■ Assignment: Reproduce the listing word for word. Skip any image.

■ Given data:
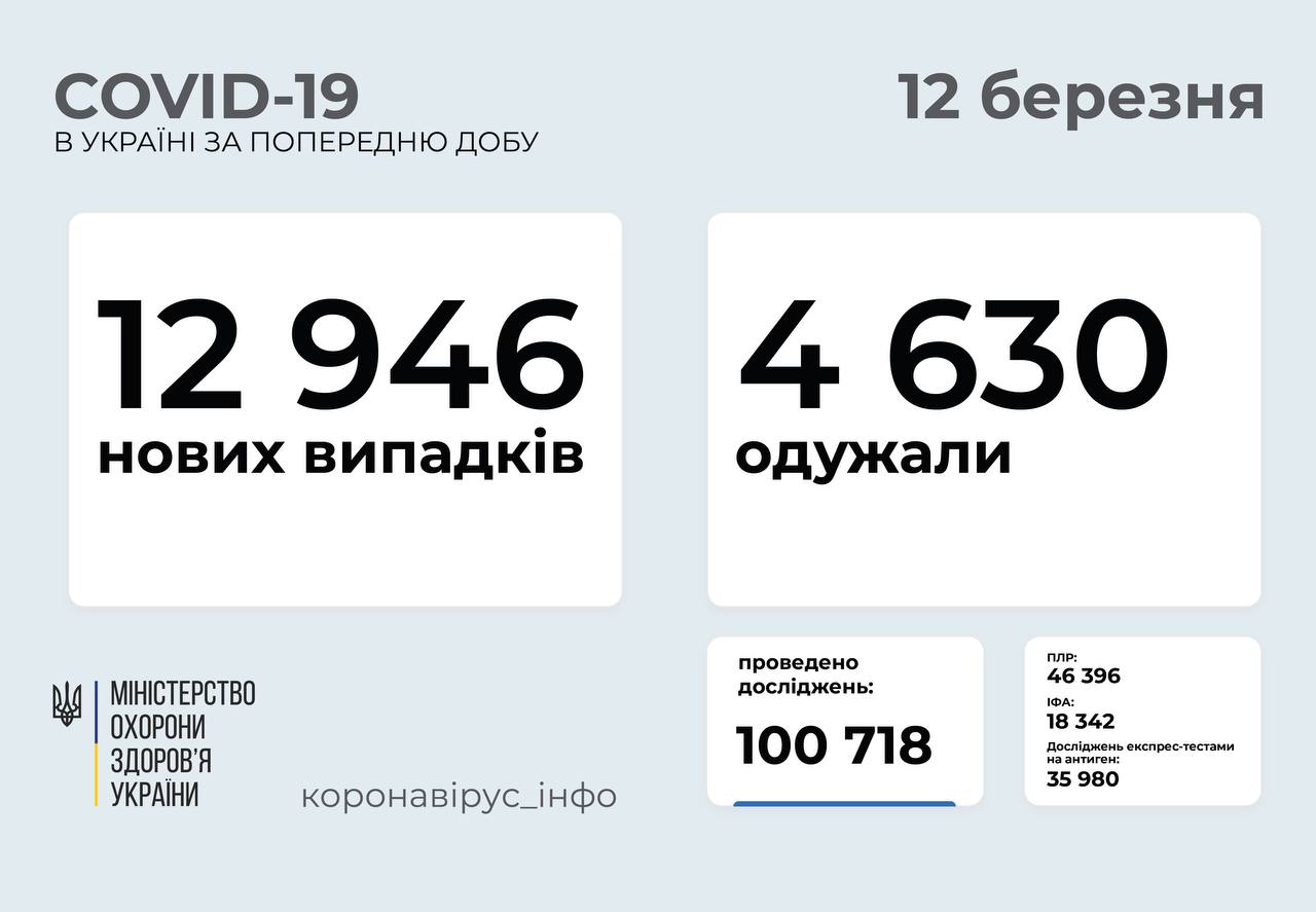 В Украине за прошлые сутки зафиксированы 12 946 новых случаев коронавирусной болезни COVID-19. Об этом сообщает министр здравоохранения Максим Степанов в Facebook.
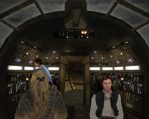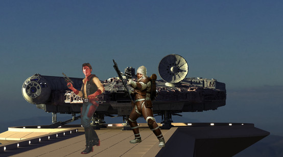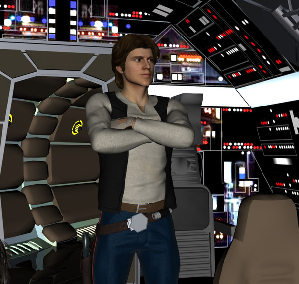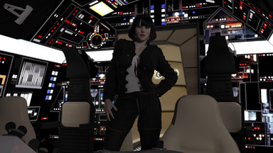 Felana steps into the Interactor and fulfills one of her fantasies.Felana: "You've never heard of the Millenium Falcon? It's the ship that made the Kessel run in less than 12 parsecs."
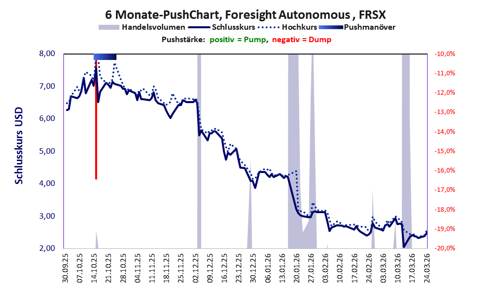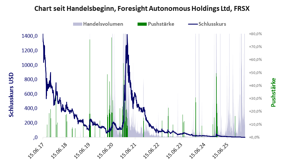 Das tägliche Handelsvolumen betrug an obiger Börse während der letzten drei Monate bis Berichtsdatum: 259.271 Stück, das sind 17,8% der ausgegebenen Aktien. Bei Foresight Autonomous wird bei schwachen operativen Geschäft zu viel Geld verbrannt.
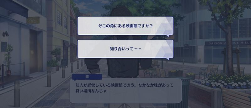 | 1 | 知人が経営している映画館でのう。なかなか味があって良い場所なんじゃ | ||
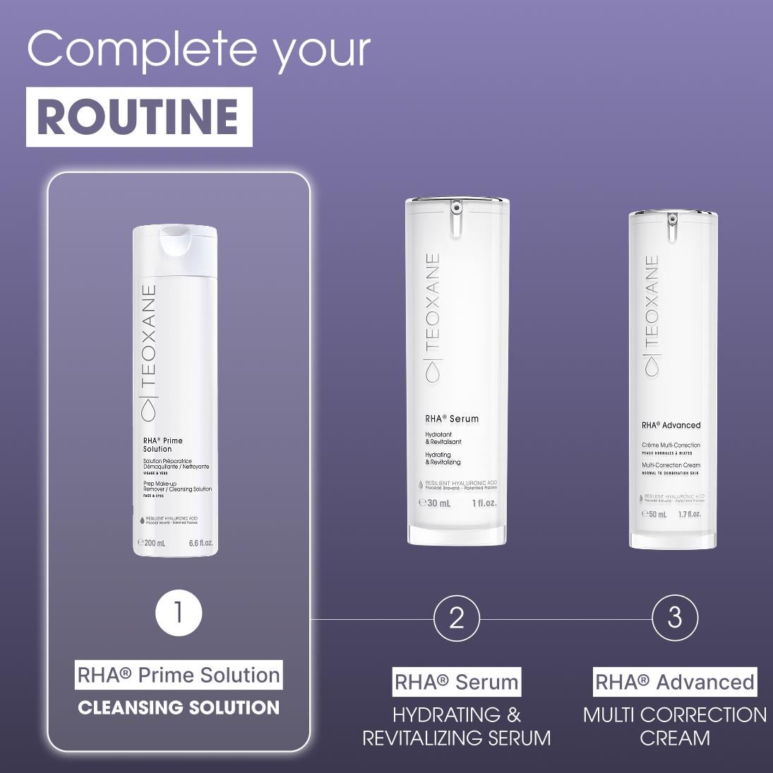 For best results, use RHA® Prime Solution as the first step in your morning and evening skincare routines to cleanse, soothe, and hydrate the skin.¹ Follow with your preferred Teoxane skincare products for optimal hydration and protection.
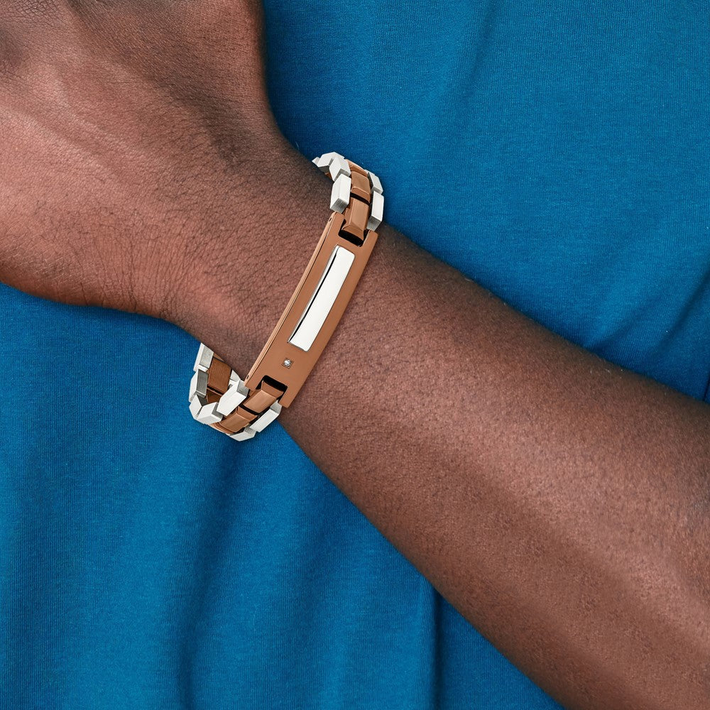 The Stainless Steel Chisel Polished Brown IP-Plated Bracelet is a refined piece that captures elegance and strength. Crafted with stainless steel, this men's bracelet boasts an 8.5-inch length, making it the ideal fit for most wrists. It features a dazzling 0.01 carat natural diamond embedded in its chiseled design, adding a touch of luxury to any outfit. The rich brown IP plating adds warmth and distinction, while the robust link chain and fold-over clasp ensure durability and security. Presented neatly in a gift box, this bracelet makes a standout accessory for any occasion.
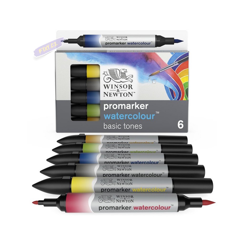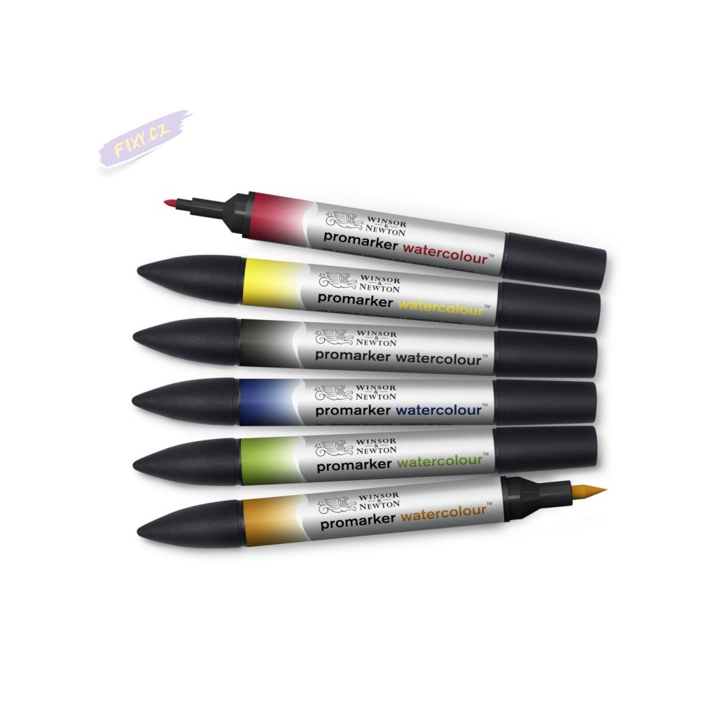 Akvarelové fixy WINSOR & NEWTON Promarker Brush & Fine, 6ks BASIC

■ Completed exercise:
 В Украине за прошлые сутки зафиксированы 12 946 новых случаев коронавирусной болезни COVID-19. Об этом сообщает министр здравоохранения Максим Степанов в Facebook.
 Felana steps into the Interactor and fulfills one of her fantasies.Felana: "You've never heard of the Millenium Falcon? It's the ship that made the Kessel run in less than 12 parsecs."
 Das tägliche Handelsvolumen betrug an obiger Börse während der letzten drei Monate bis Berichtsdatum: 259.271 Stück, das sind 17,8% der ausgegebenen Aktien. Bei Foresight Autonomous wird bei schwachen operativen Geschäft zu viel Geld verbrannt.
 | 1 | 知人が経営している映画館でのう。なかなか味があって良い場所なんじゃ | ||
 For best results, use RHA® Prime Solution as the first step in your morning and evening skincare routines to cleanse, soothe, and hydrate the skin.¹ Follow with your preferred Teoxane skincare products for optimal hydration and protection.
 The Stainless Steel Chisel Polished Brown IP-Plated Bracelet is a refined piece that captures elegance and strength. Crafted with stainless steel, this men's bracelet boasts an 8.5-inch length, making it the ideal fit for most wrists. It features a dazzling 0.01 carat natural diamond embedded in its chiseled design, adding a touch of luxury to any outfit. The rich brown IP plating adds warmth and distinction, while the robust link chain and fold-over clasp ensure durability and security. Presented neatly in a gift box, this bracelet makes a standout accessory for any occasion.
 Akvarelové fixy WINSOR & NEWTON Promarker Brush & Fine, 6ks BASIC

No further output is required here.